Since v1.0.84 (GAP-002 Claude backend split, ADR-0042), three further releases tightened the embedder:

### v1.0.85 — Five-Gap Remediation (ADR-0043)
- `FallbackReason` enum extended from 3 to 7 variants: `embedding_failed | slot_exhausted | oauth_quota | backend_mismatch | dim_zero | cancelled | timeout`
- `reason_code` discriminator in `recall` and `hybrid-search` envelopes distinguishes quota vs mismatch vs timeout
- `try_embed_query_with_deterministic_fallback` retries on `OAuthQuota` and applies 750ms ceiling on `SlotExhausted` before falling back to FTS5
- 12-14 `anthropic-ratelimit-*-remaining` headers captured in `LlmEmbedding::invoke_claude` (G45-CR5); `0` aborts embed and triggers codex fallback
- `dim 64` lock (Matryoshka Representation Learning, arXiv 2205.13147) reduces OAuth token spend by 6x (G56)
- 5 regression tests in `tests/embedder.rs`: `slot_exhaustion_returns_typed_error`, `oauth_quota_fallback_deterministic`, `anthropic_ratelimit_headers_captured`, `read_notfound_preserves_identifier`, `embedding_dim_reduces_token_cost`

### v1.0.85.1 — `recall`/`hybrid-search` `--llm-backend none` Graceful Fallback (GAP-004 hotfix)
- `--llm-backend none` now returns exit 0 with `vec_degraded: true` + `source: "fts_fallback"` + `vec_degraded_reason: "dim_zero"`
- Failsafe of v1.0.80 restored for the `--llm-backend none` case
- Intermediate arm `Ok((v, _backend)) if v.is_empty() => Err(FallbackReason::DimZero)` in `try_embed_query_with_choice`

### v1.0.85.2 — `embed_via_backend` Resolved Kind, `--dry-run-backend` Standalone (BUG-001/002/003, ADR-0044)
- `--dry-run-backend` works standalone (no subcommand required) thanks to `pub command: Option<Commands>` in `src/cli.rs:248`
- `embed_via_backend` returns `Result<(Vec<f32>, LlmBackendKind), AppError>` propagating `resolved_kind`
- 7 envelopes now report `backend_invoked: "claude" | "codex" | "none"` consistently
- `setup_mock_path()` in `tests/embedder.rs:37-77` aligned to emit JSON (not JSONL)

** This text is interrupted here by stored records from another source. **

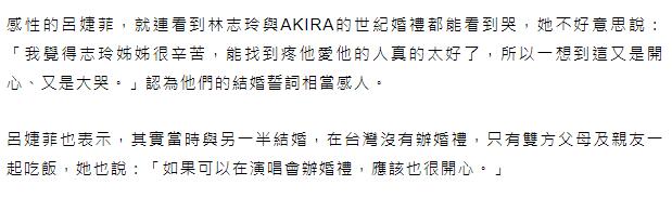 据台湾媒体透露,吕婕菲昨日举办发片记者会,在被记者采访问道林志玲与AKIRA的世纪婚礼看到哭,她不好意思说:“我觉得志玲姐姐很辛苦,能找到疼他爱他的人真的太好了,所以一想到这又是开心、又是大哭。”还表示他们的结婚誓词很是感人,让人不禁就跟着眼含热泪。
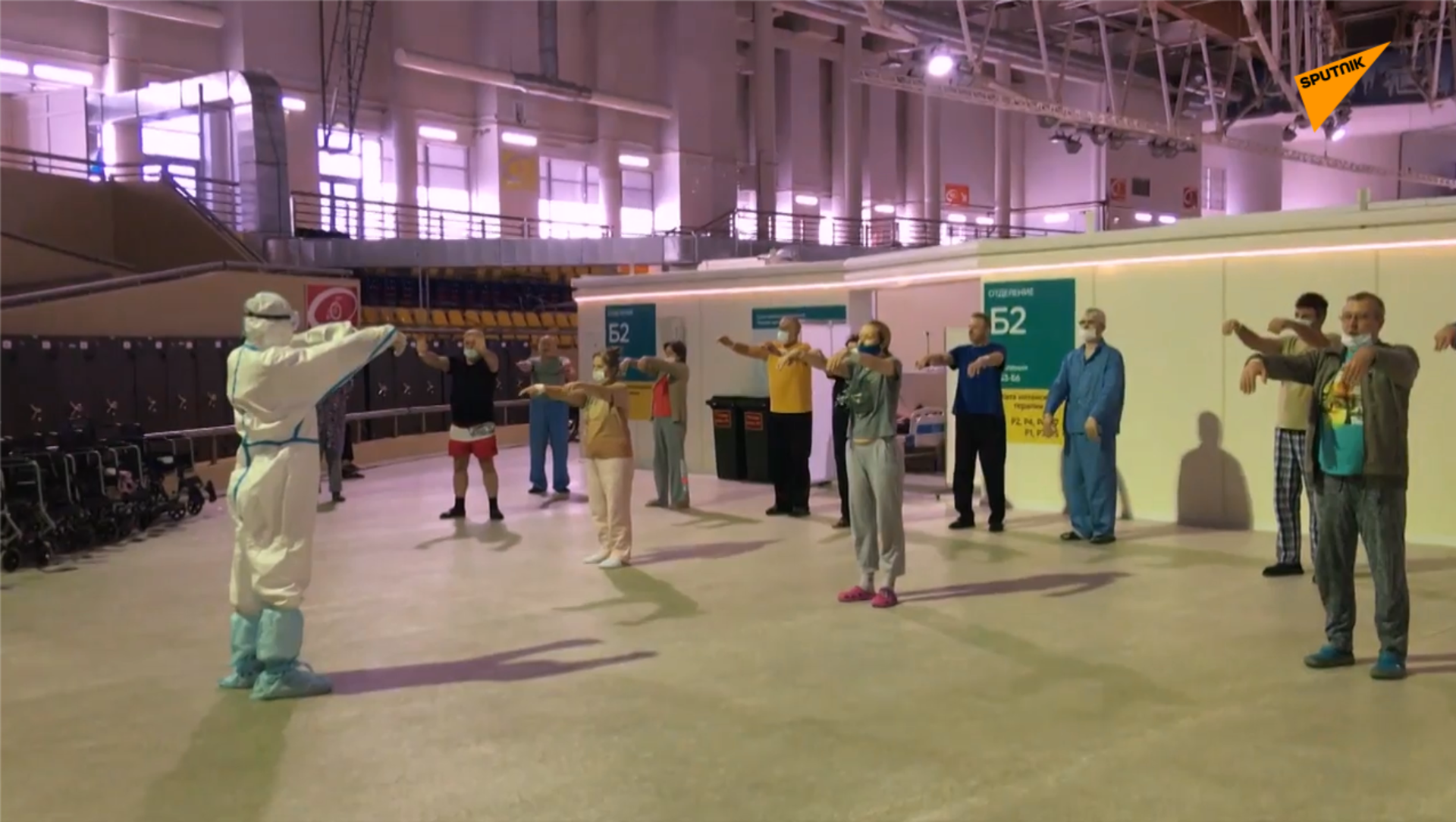 莫斯科市冰宮體育館方艙醫院醫師正在組織新冠(COVID-19)患者進行中國太極拳康復訓練。
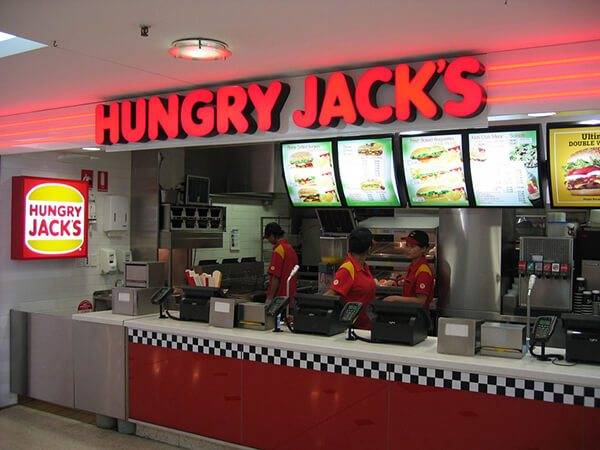 버거킹은 전 세계에서 브랜드 이름 그대로를 내세워 영업을 하고 있다. 다만 여기에서 호주는 예외다. 버거킹의 호주에서의 브랜드명은 ‘헝그리잭스’다. 1971년 버거킹의 호주 진출 당시에, 이미 그곳에 버거킹이라는 음식점이 상표등록이 되어 있었기 때문이다. 버거킹은 호주에서의 영업을 위해 모회사가 상표권을 소유하고 있던 팬케이크 브랜드 ‘헝그리잭’을 변형한 헝그리잭스를 상호로 결정했으며, 지금까지 이 상호로 영업을 이어가고 있다.
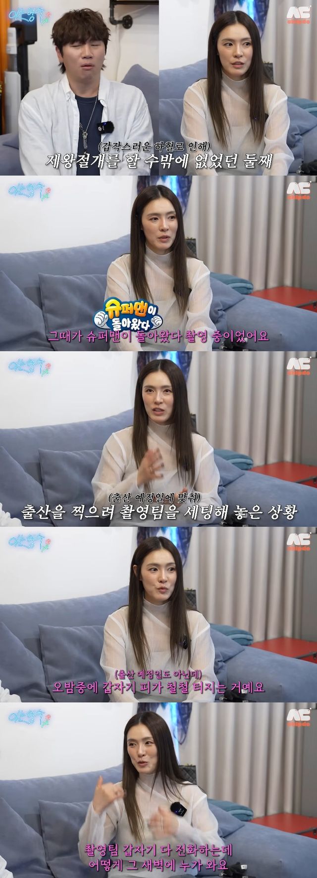 가희는 "출산 예정일에 맞춰서 세팅이 다 되어있는 상태였다"면서 "오밤중에 갑자기 피가 철철 터지더라. 너무 놀라서 샤워 타올로 감고, 촬영 팀에 갑자기 전화하는데 어떻게 그 새벽에 누가 오냐. 어쨌든 연락하고 (병원으로) 달려갔고, 촬영 팀이 갑자기 와서 분만실 들어와서 세팅했다"며 당시 급박했던 상황을 전달했다.
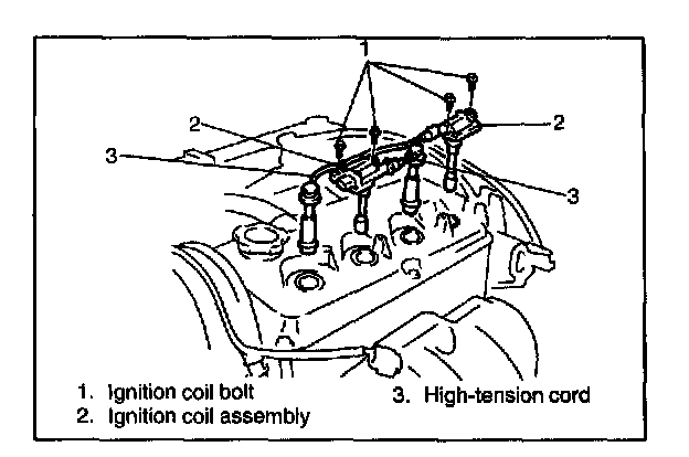 2. Disconnect high-tension cord from Ignition coil assembly.

### v1.0.84 — Claude Backend Split (ADR-0042, GAP-002)
- `--llm-backend claude` now forces `claude -p` invocation, no silent codex fallback
- `LlmEmbeddingBuilder` in `src/extract/llm_embedding.rs` with `with_claude_builder`, `with_codex_builder`, `override_binary`, `override_model`
- `embed_via_claude_local` in `src/embedder.rs:190+` is the real split entry point
- `apply_env_whitelist_for_claude` in `src/spawn/env_whitelist.rs` (shared by `invoke_claude` and `embed_via_claude_local`)
- 5 regression tests in `tests/embedder.rs`: `embed_via_backend_claude_does_not_invoke_codex`, `embed_via_backend_codex_does_not_invoke_claude`, `embed_via_backend_none_returns_empty_vector`, `cli_dry_run_backend_prints_resolved_path`, `claude_invocation_uses_isolated_config_dir`

### Migration Procedure (Operators on v1.0.80 / v1.0.81)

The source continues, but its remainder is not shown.